- Your instructions
Pictures in the listing below are skipped, while the lines from the "Anillo Solitario con" line through the "Napięcie sieciowe w" line are returned word for word.

- Study material
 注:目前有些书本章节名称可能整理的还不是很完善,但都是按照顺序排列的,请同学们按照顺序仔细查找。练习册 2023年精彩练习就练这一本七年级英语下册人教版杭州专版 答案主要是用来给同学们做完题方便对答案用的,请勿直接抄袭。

--

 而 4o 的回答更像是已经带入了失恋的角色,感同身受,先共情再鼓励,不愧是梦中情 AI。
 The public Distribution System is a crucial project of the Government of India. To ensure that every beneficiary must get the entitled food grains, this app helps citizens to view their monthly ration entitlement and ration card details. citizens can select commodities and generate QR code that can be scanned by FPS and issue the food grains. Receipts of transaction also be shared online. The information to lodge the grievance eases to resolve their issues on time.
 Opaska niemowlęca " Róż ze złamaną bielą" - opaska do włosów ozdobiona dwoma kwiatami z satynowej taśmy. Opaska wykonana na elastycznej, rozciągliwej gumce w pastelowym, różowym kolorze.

* * *

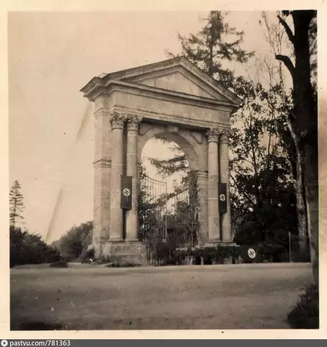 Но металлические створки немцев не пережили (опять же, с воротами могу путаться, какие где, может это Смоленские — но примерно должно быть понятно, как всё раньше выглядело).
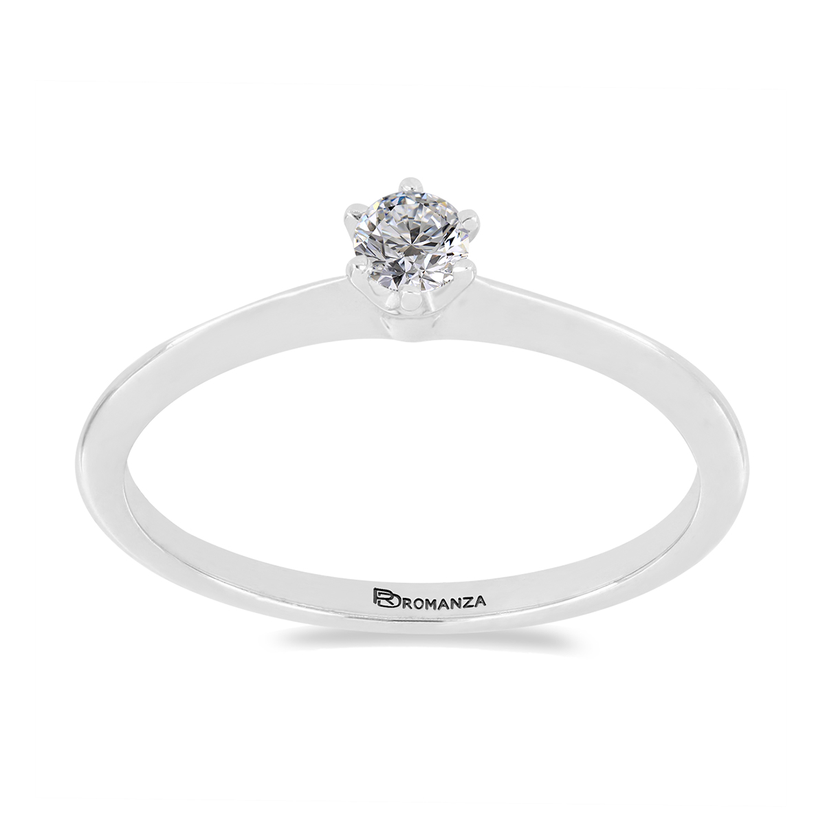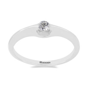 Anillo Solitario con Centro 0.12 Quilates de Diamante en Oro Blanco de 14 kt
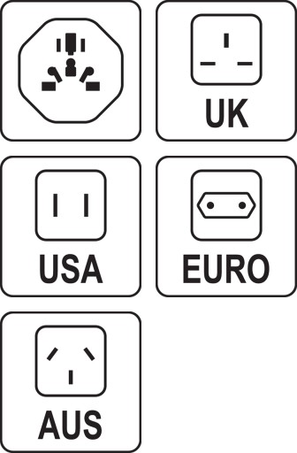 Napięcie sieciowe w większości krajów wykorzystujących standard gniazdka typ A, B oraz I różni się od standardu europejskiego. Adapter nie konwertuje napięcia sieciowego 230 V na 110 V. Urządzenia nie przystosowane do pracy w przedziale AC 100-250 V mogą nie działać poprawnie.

- Answer box
 Anillo Solitario con Centro 0.12 Quilates de Diamante en Oro Blanco de 14 kt
 Napięcie sieciowe w większości krajów wykorzystujących standard gniazdka typ A, B oraz I różni się od standardu europejskiego. Adapter nie konwertuje napięcia sieciowego 230 V na 110 V. Urządzenia nie przystosowane do pracy w przedziale AC 100-250 V mogą nie działać poprawnie.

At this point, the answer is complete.